# Recommendations for Dewalt DW 788 blades?



## Oregon Woodworker (3 mo ago)

I got a Dewalt DW 788 scroll saw for Christmas. This is my first scroll saw. My use will be cutting thin material (1/8" thick to 1/4" thick) into intricate patterns for inlaying. 

I Googled "blades for Dewalt DW 788" and the choices are confusing. There were 3", 4" and 5" blades. For my use as described above, can someone recommend a specific blade (length, tpi, model number) to order?


----------



## Redoak49 (Dec 15, 2012)

I use Flying Dutchman and for your application likely a #1 or #3 and a skip tooth or reverse type blade.


----------



## MrUnix (May 18, 2012)

Straight from the manual: *Use only 5" plain end scroll saw blades.*

What type usually comes down to personal preference. I, like Dan, prefer Flying Dutchman (and I love the ultra-reverse blades), but that is my preference. I used to only use Olsen reverse tooth blades before getting turned on the the FD's. I do lots of portrait work with 1/8" ply, but usually stacked - so a #3 or #5 works for me. You will have to experiment to see which you like the best. BTW: Flying Dutchman does offer an assortment pack, and you can get individual packs of a dozen blades fairly cheap.

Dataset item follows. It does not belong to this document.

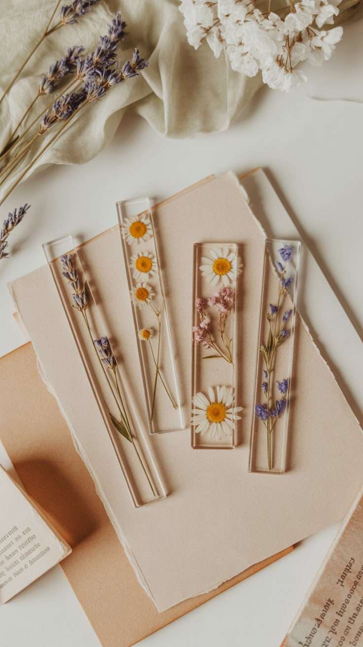 The best materials for this are cardstock, handmade paper, laminating sheets, or clear bookmark blanks. A little ribbon at the top makes them feel finished. This is a great pressed flower art project if you want something small, useful, and easy to gift.

For your application, you will most likely want some kind of a reverse blade, so you will get a clean cut on the back side. Straight blades will leave a fuzz that will need to be sanded.

Cheers,
Brad


----------



## phildupreez (2 mo ago)

I use Pegas.
Buy from Axminster UK and posted to me in SA


----------



## Oregon Woodworker (3 mo ago)

MrUnix said:


> Straight from the manual: *Use only 5" plain end scroll saw blades.*
> 
> What type usually comes down to personal preference. I, like Dan, prefer Flying Dutchman (and I love the ultra-reverse blades), but that is my preference. I used to only use Olsen reverse tooth blades before getting turned on the the FD's. I do lots of portrait work with 1/8" ply, but usually stacked - so a #3 or #5 works for me. You will have to experiment to see which you like the best. BTW: Flying Dutchman does offer an assortment pack, and you can get individual packs of a dozen blades fairly cheap.
> 
> ...


Thanks for the recommendation; I will order some Flying Dutchman blades. What are reverse blades and what is the advantage to non-reverse blades?


----------



## Davevand (Feb 10, 2016)

You should get an assortment pack of Flying Dutchman, Pegas and Olsen blades and try each of them. They all cut differently and have different characteristic. I like the Pegas Modified Geometry blades myself, although I am really liking the Olsen MACH blades lately.
You will want an assortment of blades because each pattern, wood species, thickness, ect will cut better with the proper blade.
Reverse blades have a few reversed teeth at the bottom of the blade that cut on the up stroke, this helps to eliminate the "fuzzies" on the bottom of projects.


----------



## Oregon Woodworker (3 mo ago)

I just finished ordering a variety of blade types from Flying Dutchman. There is a lot of helpful information on their site.


----------